◆ **Extracted records**:
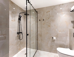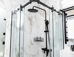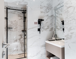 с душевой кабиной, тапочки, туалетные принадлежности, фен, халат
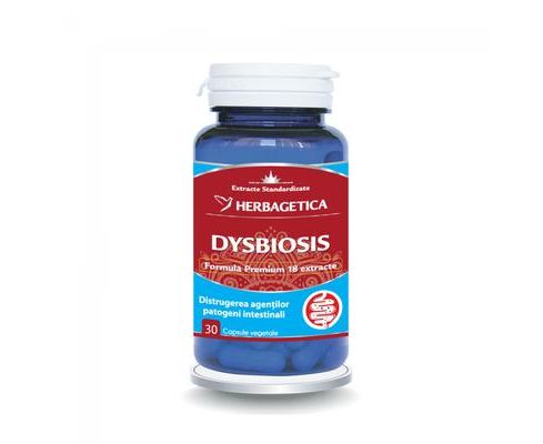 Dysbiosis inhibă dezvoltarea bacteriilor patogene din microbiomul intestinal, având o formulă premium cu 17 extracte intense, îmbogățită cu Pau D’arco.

==

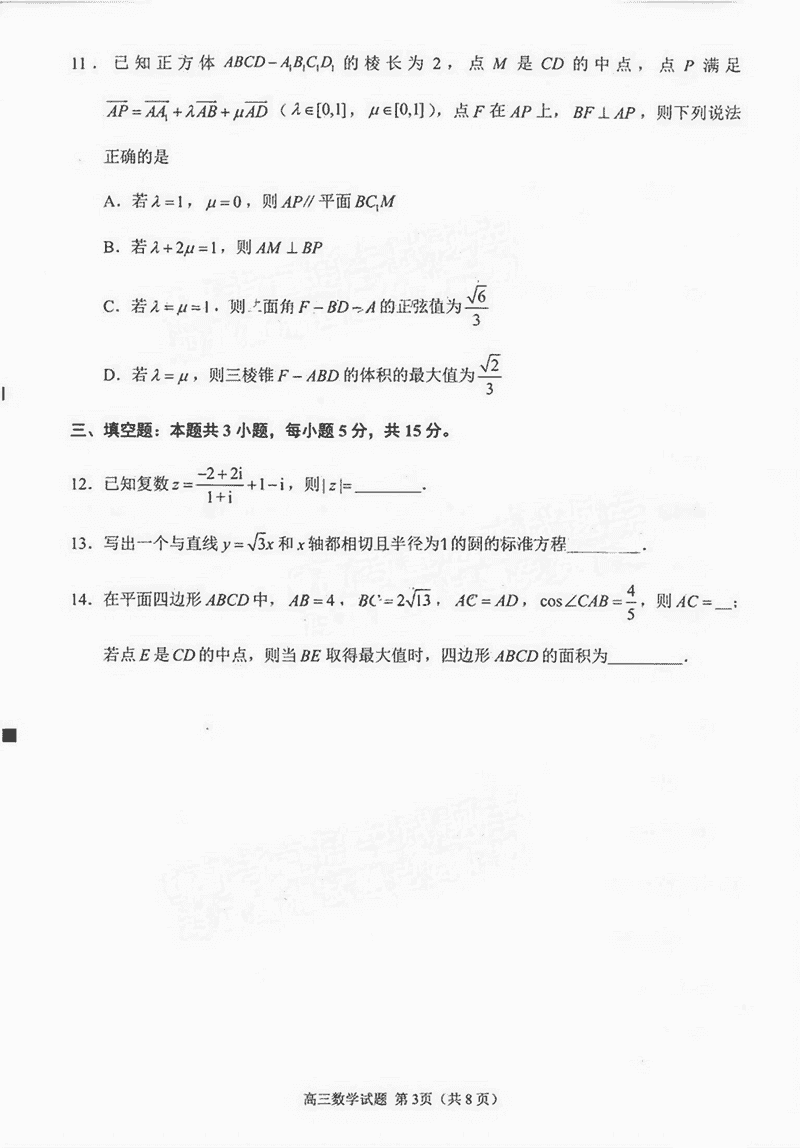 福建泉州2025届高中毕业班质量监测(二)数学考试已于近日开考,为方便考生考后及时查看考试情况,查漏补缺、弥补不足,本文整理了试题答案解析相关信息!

* * *

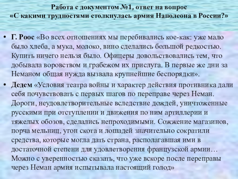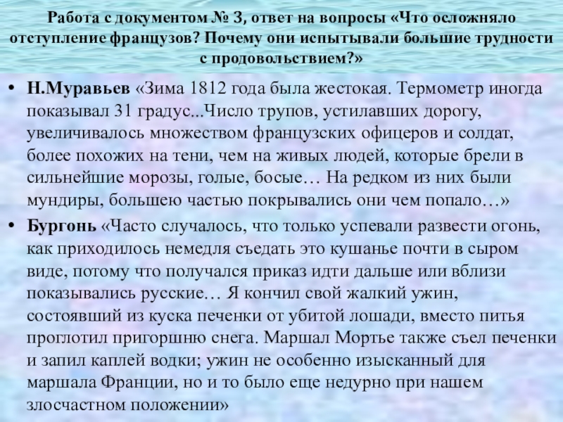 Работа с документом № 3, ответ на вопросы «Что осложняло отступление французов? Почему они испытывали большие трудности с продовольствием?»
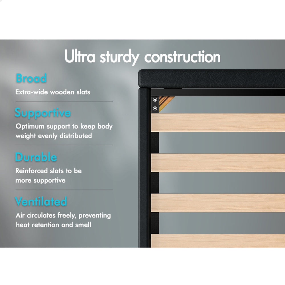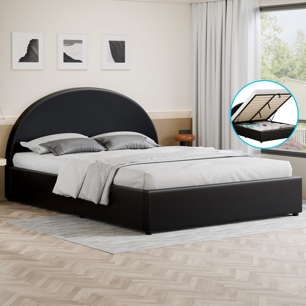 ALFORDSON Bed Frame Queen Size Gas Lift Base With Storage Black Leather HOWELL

◆ **Work to be completed**: Everything above from the line with "Работа с документом" through the line with "ALFORDSON Bed Frame" should be retyped exactly, and nothing else; omit pictures.

◆ **Task response**:
 Работа с документом № 3, ответ на вопросы «Что осложняло отступление французов? Почему они испытывали большие трудности с продовольствием?»
 ALFORDSON Bed Frame Queen Size Gas Lift Base With Storage Black Leather HOWELL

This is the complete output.